Not sure where this may lead, but thought I'd post here with a kind of work in progress. After tinkering with Blender for a 3D map, and Photoshop for a brush-based map, a question formed; Can you put these two approaches together? And then I ran across this, How to fake a forest in Blender, a two-part tutorial.

This uses Blender's 'particle system' in a way where a single 2D tree image (or a variety of trees) can be duplicated and scattered with various sizes across your map. You can paint with brush tools to define forest areas, or modify the density of trees, and ultimately fine-tune with individual edits.

Manually duplicating a few trees
Trees_particle.jpg

Applying the particle system. Look at the little tiny trees!
Blender_paper_plane.jpg

Attempting some paper texture displacement. (following How to make a procedural paper texture)
Blender_paper_texture_terrain_zoom.jpg

Ramping up to 8,000 trees
Blender_Map_forest_8k_zoom.jpg

The full area.
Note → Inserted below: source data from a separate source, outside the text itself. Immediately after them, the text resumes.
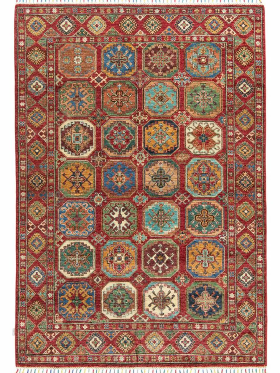 zeigt im Muster das klassische turkmenische Bucharadesign. Als Vorbild dienen dabei die jeweilige Stammeszeichen (Gül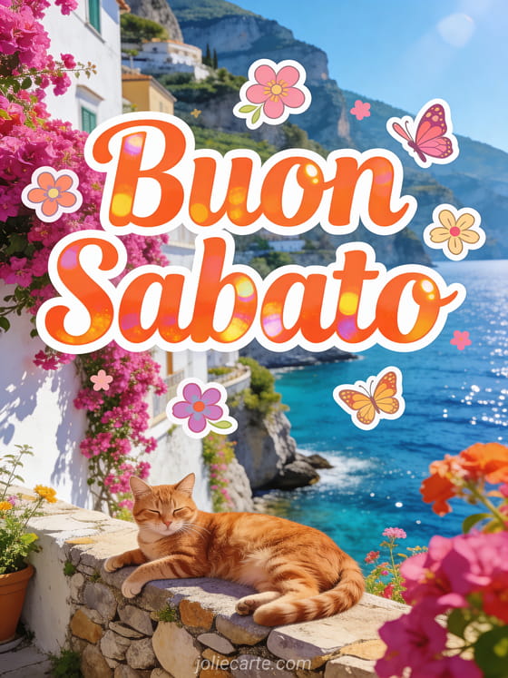Festeggia il fine settimana con questa allegra immagine di buon sabato con gatto. Scopri anche una cartolina bel sabato e buon fine settimana o una cartolina buon sabato e buona giornata.
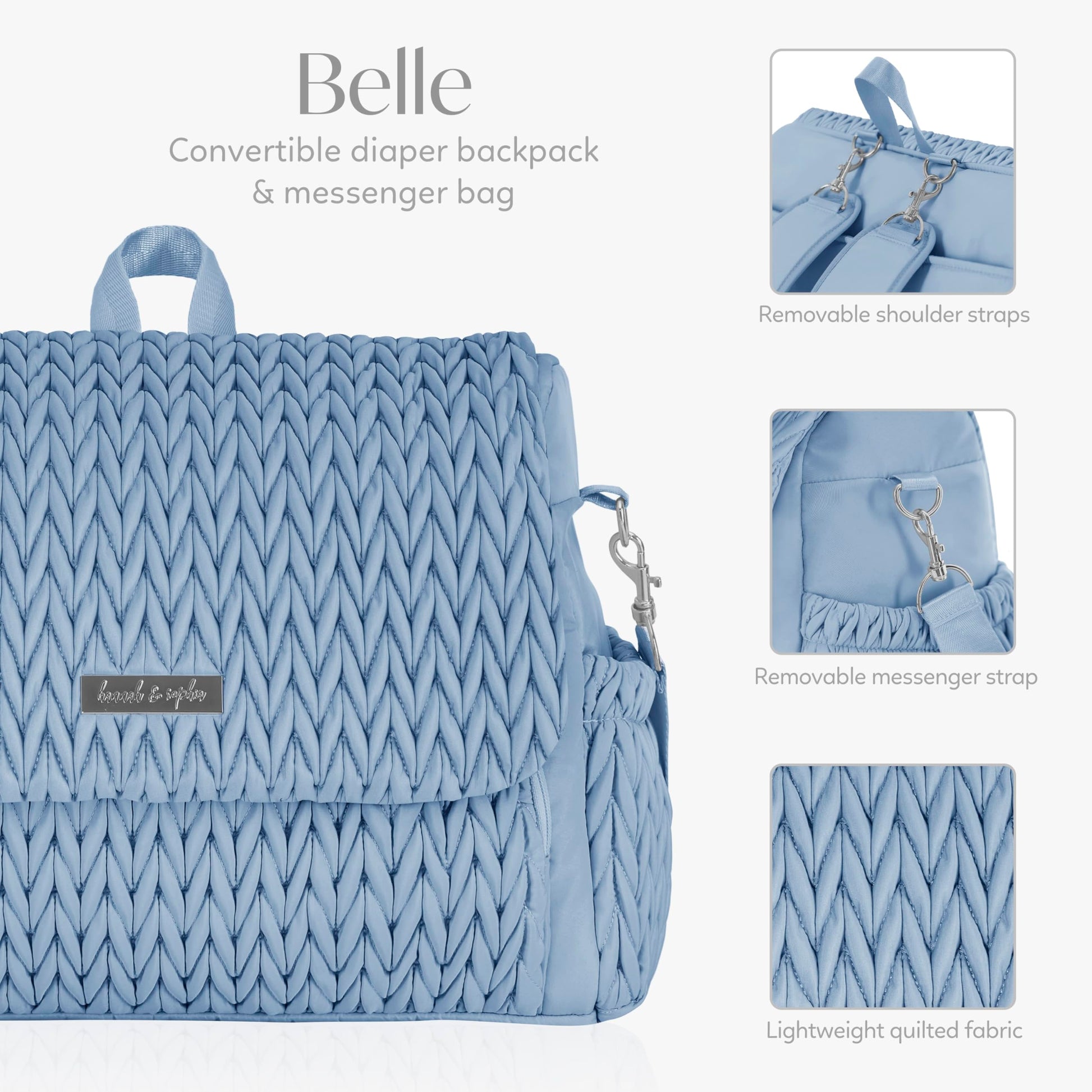 - Q: What is the size of the Hannah & Sophia Belle Convertible Diaper Bag? A: The dimensions of the Hannah & Sophia Belle Convertible Diaper Bag are 16 inches wide, 7.5 inches deep, and 12.5 inches high.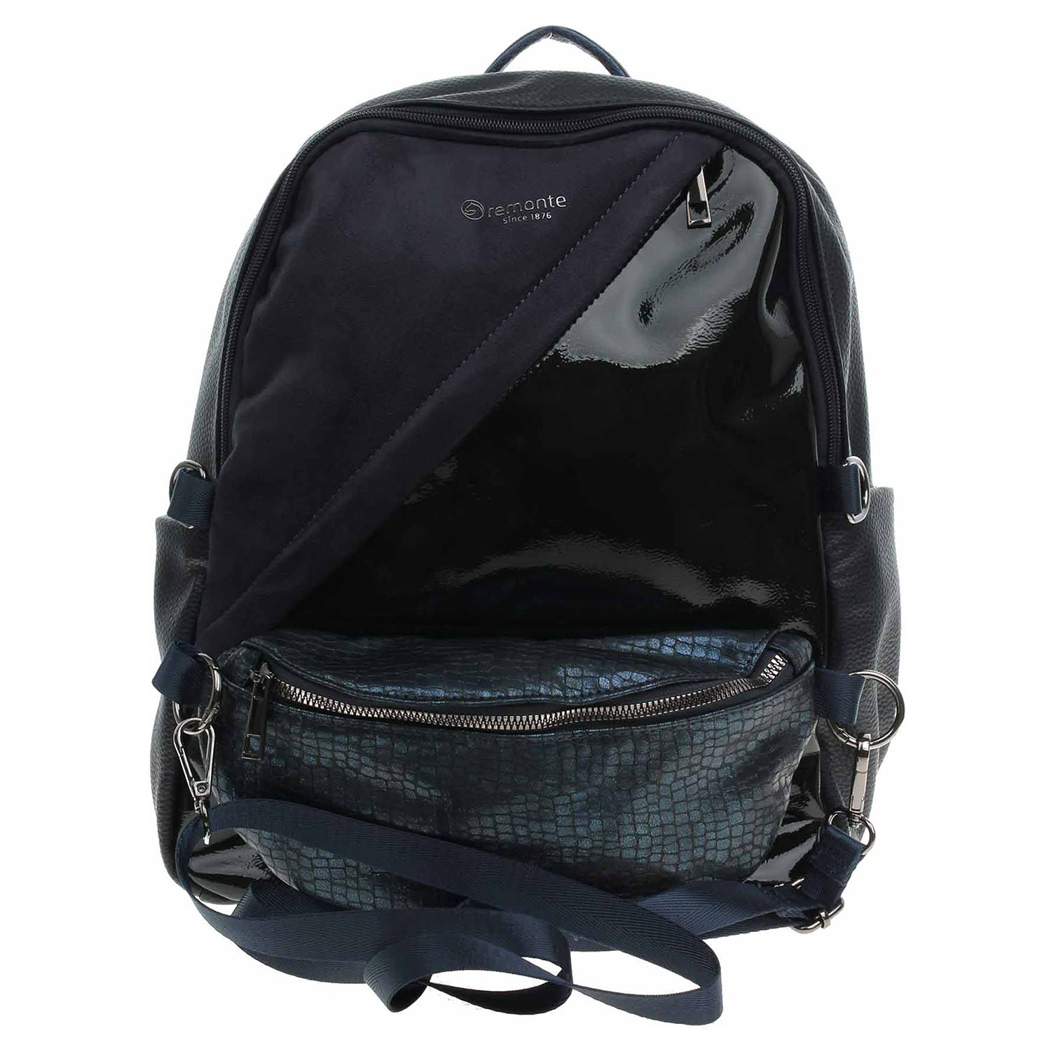 Remonte - dámský batůžek s odepínatelnou ledvinkou má svršek ze 100% polyuretanu a podšívku ze 100% polyesteru. Hlavní komora se zapíná na zip, na přední i na zadní straně je kapsa se zipem. Rozměry batohu - 35 x 30 x 13 cm. Batoh je možno nosit v ruce za ucho (výška 6 cm) a také na ramenou na regulovatelným popruzích. Na bocích jsou kapsy bez zapínání. Odepínatelná ledvinka (rozměry 27 x 12 cm) se zapíná na zip a je vybavená regulovatelným popruhem s karabinkami. Vnitřní výbava: 1x kapsa na zip, 2 kapsy na mobil a klíče bez zapínání.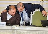 X заседание руководителей киноорганизаций в рамках VI Международного кинофестиваля России и стран ближнего зарубежья Lendoc Film Festival (LEFF). Руководитель пресс-службы Союза кинематографистов России Якунин (слева) и депутат Законодательного собрания Санкт-Петербурга Юрий Авдеев во время заседания.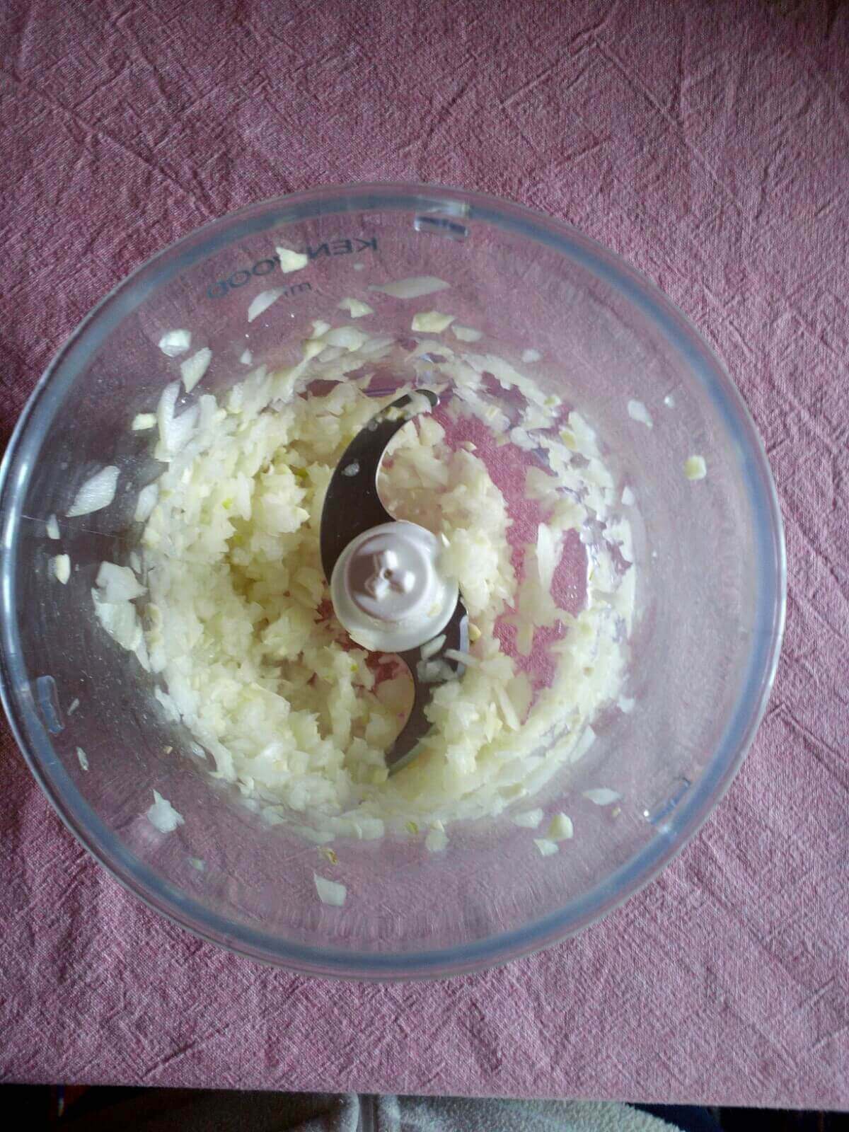 - Nel frattempo tritiamo la cipolla con l’aglio e aggiungiamo il tutto alle lenticchie con l’olio, la passata di pomodoro e le foglie di alloro.

Trying to carve a path through the woods. There's probably a less-is-more lesson in here somewhere, but I don't want to hear it yet, I'm having fun
Blender_Map_forest_8k.jpg

To be continued... So far, this was done with one tree from the Widman Brush set from KM Alexander (thanks again for all of these), and there's a bunch more to explore.
Trees.JPG

Remains to be seen is if the illusion works for all the other kinds of map elements? But for now, it's been fun to try cultivating some forests from the trees.

I'm curious as to what folks think. It seems to look good at certain scales. Bit heavy on the shadows? Need more definite boundaries? Can this open up entirely new realms of forest-based tedium?